I can’t tell him that I’m pissed as hell at my parents and they’ve fucked up how I view the world and people. I can’t tell him because I don’t want to be pathetic, so I tell him something else that is also true, but covers up my deepest flaws.
“She’s funny, this you know.” My voice has gentled and I smile as I put my hands in his hair. “She’s independent, bold, and a risk taker. She likes sex a lot, but really, really likes it with you. She’s pretty much handled anything that life has handed her and she’s done that without help, so she’s figured out she’s got this baby thing in hand even if she’s still a little scared. And most of all, she’s wondering if enough time has passed for you to recharge your batteries and if you have another round left in that gorgeous body of yours.”
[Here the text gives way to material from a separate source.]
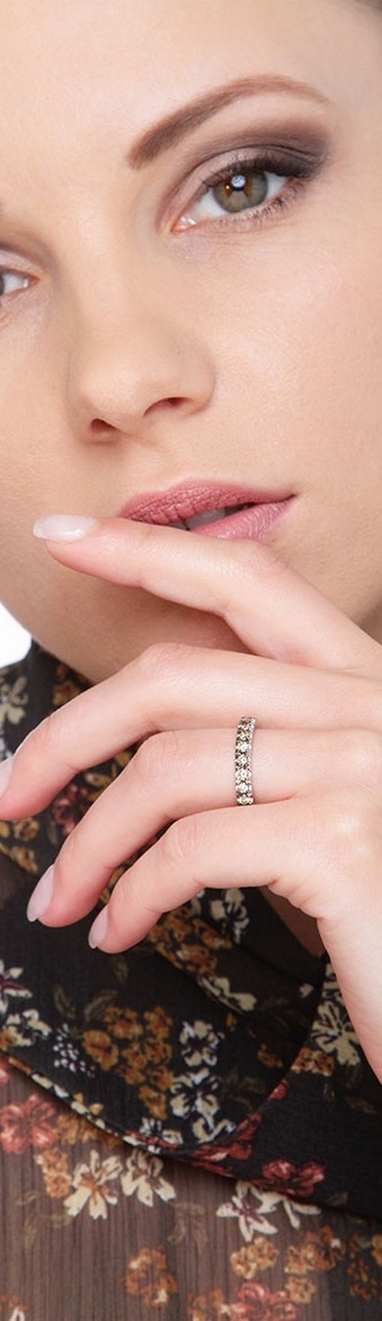 Gli anelli eternity presentano la fascia interamente ricoperta da pietre preziose. Simbolo di amore eterno, si abbinano perfettamente alle fedi nuziali e possono essere indossati con qualsiasi outfit. Questo modello di Gioielli di Valenza, presenta diamanti brown sull'intera circonferenza. I diamanti brown sono spesso usati e apprezzati in gioielleria grazie al loro colore che va dal light champagne al cognac, rendendoli molto versatili. Inoltre, il taglio brillante dei diamanti di questo anello, permette alla luce di colpire in modo ottimale le pietre preziose rendendo l'anello luminoso.

Luc was amused as I started telling him who I was, but by the time I talk about another round of sex, his eyes are simmering with hot need.
“You’re deflecting, aren’t you?” he grumbled as his lips hovered against my mouth.
Absolutely true. I’ve shared enough. More than I ever have.
“Not at all,” I purr just before I raise my head and run my lips over his. “I just want you again.”
That’s absolutely true too, so I’ve not lied to him. And that’s all I need to say to get Luc to kiss me hard as we commence round two.
Chapter 5
Lucas
So, I have to admit, this whole monogamous sex thing isn’t all that bad.
Okay, not truthful.
It’s fucking stupendous.
At least with Stephy it is.
I had two home games in a row. That meant I had access to Stephy for four solid nights, and every damn night I was with her. Van was gone on some overnight trip to his hometown that first night I brought her to my house, so I had no qualms about fucking her there, especially knowing we could be loud and raunchy.
This is apparently our preferred method of having sex. That’s not to say we can’t get into a deep, slow groove on occasion, but most times we can’t control the fervor between us. There’s something chemical maybe. I’ve never had it with another woman before, but the minute I see her, I want to throw her down on the floor and dominate the hell out of her. I want to crawl deep into her body, punish her with my cock, and have her beg for more.